▶ _Exercise details_: Print exactly the lines below between the line containing "School Colour Block" and the line containing "晚樱属于蔷薇科樱属落叶乔木,别名重瓣樱花", counting both of those lines. Leave pictures out.

▶ _Dataset content_:
┌──
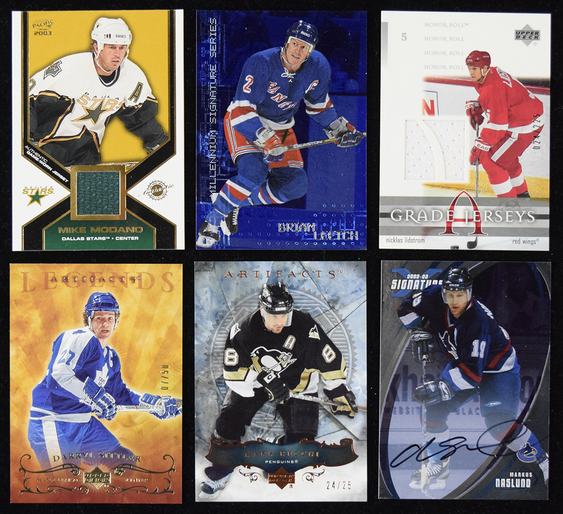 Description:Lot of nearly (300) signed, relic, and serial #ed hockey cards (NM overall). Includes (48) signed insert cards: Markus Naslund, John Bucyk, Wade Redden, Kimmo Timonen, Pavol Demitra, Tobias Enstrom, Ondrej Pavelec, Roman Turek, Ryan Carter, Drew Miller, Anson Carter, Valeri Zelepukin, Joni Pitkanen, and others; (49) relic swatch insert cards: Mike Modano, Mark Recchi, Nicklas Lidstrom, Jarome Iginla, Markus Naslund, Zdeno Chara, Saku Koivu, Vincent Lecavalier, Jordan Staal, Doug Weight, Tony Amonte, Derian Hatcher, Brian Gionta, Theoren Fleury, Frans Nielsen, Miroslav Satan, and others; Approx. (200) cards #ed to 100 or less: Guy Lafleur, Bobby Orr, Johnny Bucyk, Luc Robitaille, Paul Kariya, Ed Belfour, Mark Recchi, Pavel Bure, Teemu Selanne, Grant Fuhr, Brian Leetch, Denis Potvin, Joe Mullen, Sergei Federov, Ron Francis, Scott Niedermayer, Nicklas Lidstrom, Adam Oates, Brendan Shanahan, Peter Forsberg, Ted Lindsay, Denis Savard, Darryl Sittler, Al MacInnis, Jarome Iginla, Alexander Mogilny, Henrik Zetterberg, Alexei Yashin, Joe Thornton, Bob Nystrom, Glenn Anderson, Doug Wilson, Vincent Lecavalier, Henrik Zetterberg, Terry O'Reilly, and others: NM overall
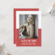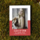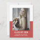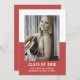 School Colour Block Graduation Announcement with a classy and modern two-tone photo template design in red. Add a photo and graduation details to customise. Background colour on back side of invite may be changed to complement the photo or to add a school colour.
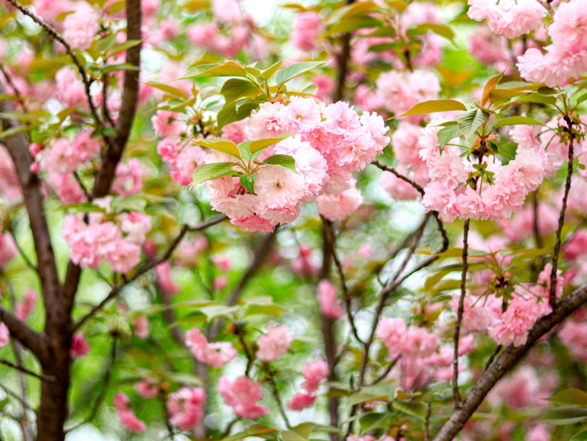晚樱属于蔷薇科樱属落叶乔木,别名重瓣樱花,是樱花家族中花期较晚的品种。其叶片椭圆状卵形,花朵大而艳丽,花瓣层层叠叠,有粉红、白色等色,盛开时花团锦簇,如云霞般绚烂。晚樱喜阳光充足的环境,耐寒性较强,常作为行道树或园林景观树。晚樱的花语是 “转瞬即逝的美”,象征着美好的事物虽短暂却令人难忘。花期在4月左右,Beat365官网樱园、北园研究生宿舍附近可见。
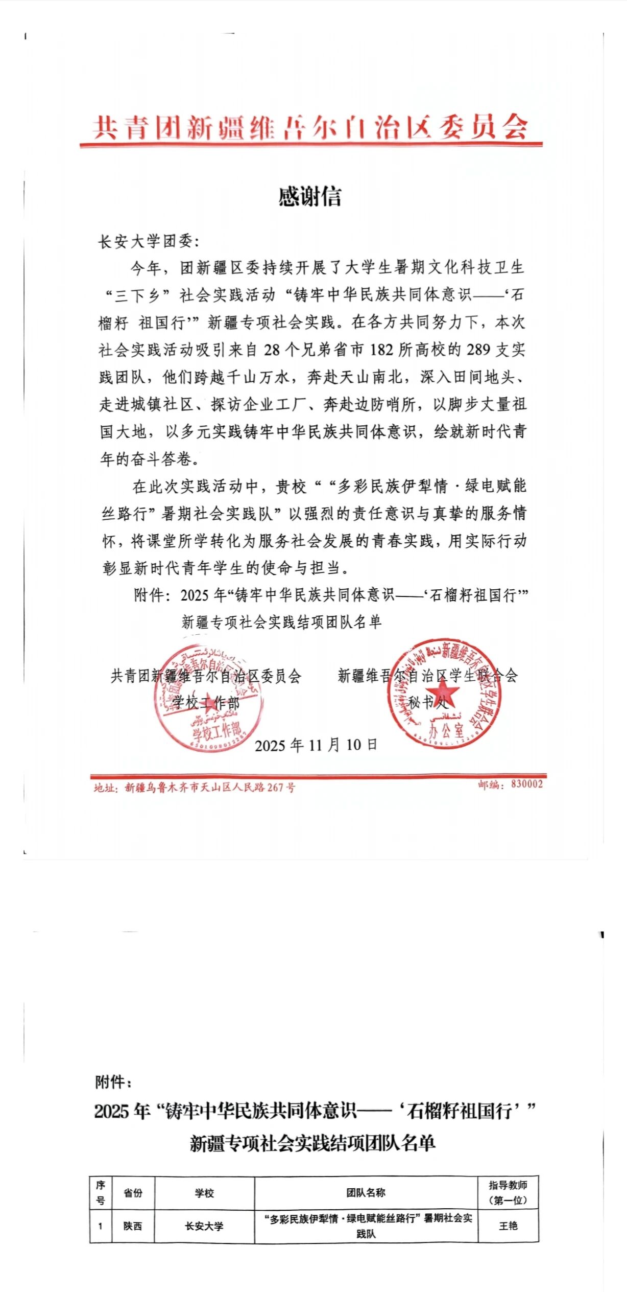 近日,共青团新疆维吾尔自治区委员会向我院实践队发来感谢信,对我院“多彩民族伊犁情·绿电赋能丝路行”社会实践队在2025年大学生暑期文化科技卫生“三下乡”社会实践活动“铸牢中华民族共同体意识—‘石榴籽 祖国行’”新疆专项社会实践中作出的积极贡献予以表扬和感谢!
└──
▶ _Written answer_:
 School Colour Block Graduation Announcement with a classy and modern two-tone photo template design in red. Add a photo and graduation details to customise. Background colour on back side of invite may be changed to complement the photo or to add a school colour.
晚樱属于蔷薇科樱属落叶乔木,别名重瓣樱花,是樱花家族中花期较晚的品种。其叶片椭圆状卵形,花朵大而艳丽,花瓣层层叠叠,有粉红、白色等色,盛开时花团锦簇,如云霞般绚烂。晚樱喜阳光充足的环境,耐寒性较强,常作为行道树或园林景观树。晚樱的花语是 “转瞬即逝的美”,象征着美好的事物虽短暂却令人难忘。花期在4月左右,Beat365官网樱园、北园研究生宿舍附近可见。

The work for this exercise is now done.